## Problem requirements
Within the listing below, give again exactly the lines between the one containing "El líder del" and the one containing "Good condition. Prime", inclusive, pictures left aside.

## Records for the exercise
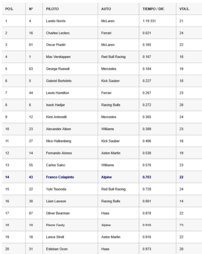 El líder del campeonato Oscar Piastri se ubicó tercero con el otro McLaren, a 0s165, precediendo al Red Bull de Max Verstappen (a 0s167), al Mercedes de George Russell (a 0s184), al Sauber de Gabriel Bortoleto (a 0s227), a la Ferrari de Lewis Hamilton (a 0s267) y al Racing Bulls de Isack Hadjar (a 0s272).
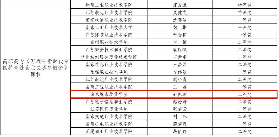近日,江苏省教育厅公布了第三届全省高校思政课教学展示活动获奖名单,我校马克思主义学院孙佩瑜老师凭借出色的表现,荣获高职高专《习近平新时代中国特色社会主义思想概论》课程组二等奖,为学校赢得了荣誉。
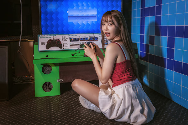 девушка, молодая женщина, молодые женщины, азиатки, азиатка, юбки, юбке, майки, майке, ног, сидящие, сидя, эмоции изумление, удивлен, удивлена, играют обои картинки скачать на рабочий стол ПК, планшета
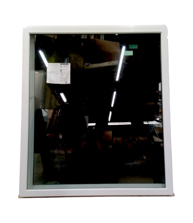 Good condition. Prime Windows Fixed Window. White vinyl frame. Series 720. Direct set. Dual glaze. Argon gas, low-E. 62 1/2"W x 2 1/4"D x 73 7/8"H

==

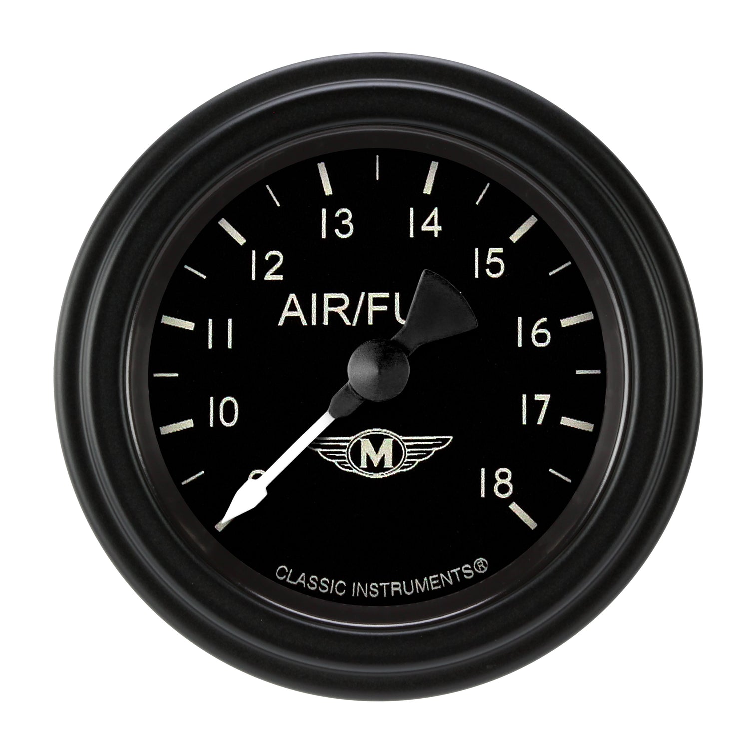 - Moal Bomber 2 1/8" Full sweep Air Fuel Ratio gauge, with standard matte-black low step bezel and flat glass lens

--

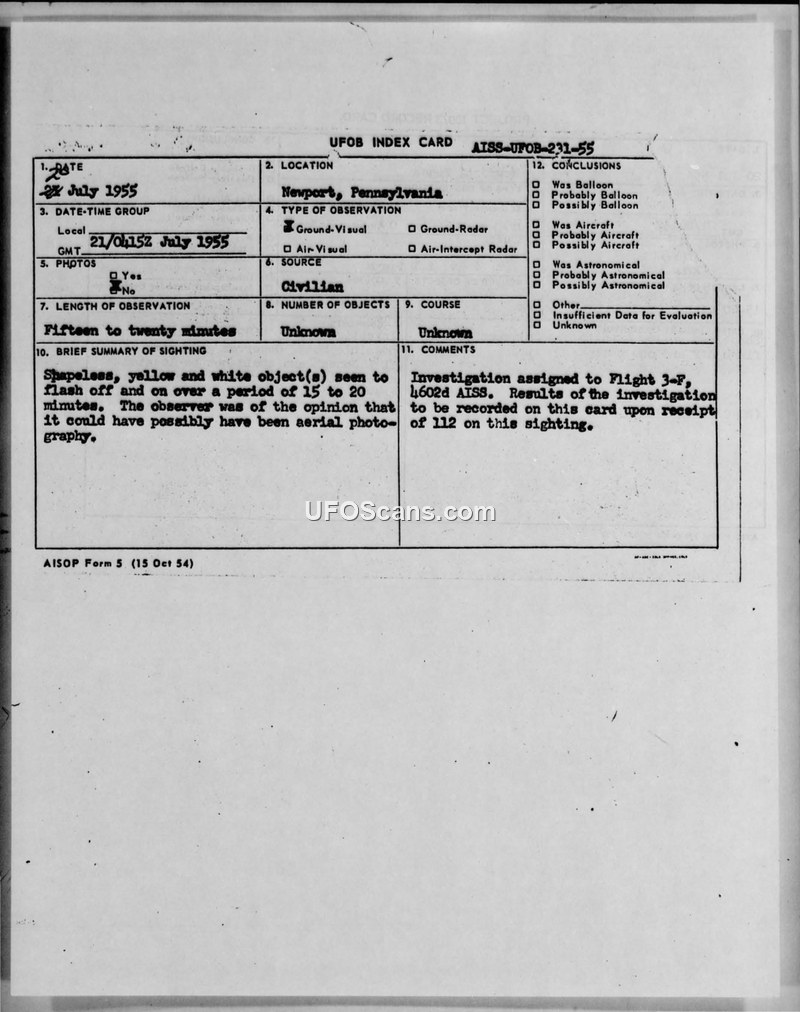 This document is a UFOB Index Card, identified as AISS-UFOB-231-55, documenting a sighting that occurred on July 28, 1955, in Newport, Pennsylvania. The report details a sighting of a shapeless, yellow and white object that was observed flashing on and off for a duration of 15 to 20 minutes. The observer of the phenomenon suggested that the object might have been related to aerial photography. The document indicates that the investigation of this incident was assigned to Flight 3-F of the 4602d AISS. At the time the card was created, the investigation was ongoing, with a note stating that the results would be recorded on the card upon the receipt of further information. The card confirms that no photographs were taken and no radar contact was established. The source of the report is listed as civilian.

## Exercise output
 El líder del campeonato Oscar Piastri se ubicó tercero con el otro McLaren, a 0s165, precediendo al Red Bull de Max Verstappen (a 0s167), al Mercedes de George Russell (a 0s184), al Sauber de Gabriel Bortoleto (a 0s227), a la Ferrari de Lewis Hamilton (a 0s267) y al Racing Bulls de Isack Hadjar (a 0s272).
近日,江苏省教育厅公布了第三届全省高校思政课教学展示活动获奖名单,我校马克思主义学院孙佩瑜老师凭借出色的表现,荣获高职高专《习近平新时代中国特色社会主义思想概论》课程组二等奖,为学校赢得了荣誉。
 девушка, молодая женщина, молодые женщины, азиатки, азиатка, юбки, юбке, майки, майке, ног, сидящие, сидя, эмоции изумление, удивлен, удивлена, играют обои картинки скачать на рабочий стол ПК, планшета
 Good condition. Prime Windows Fixed Window. White vinyl frame. Series 720. Direct set. Dual glaze. Argon gas, low-E. 62 1/2"W x 2 1/4"D x 73 7/8"H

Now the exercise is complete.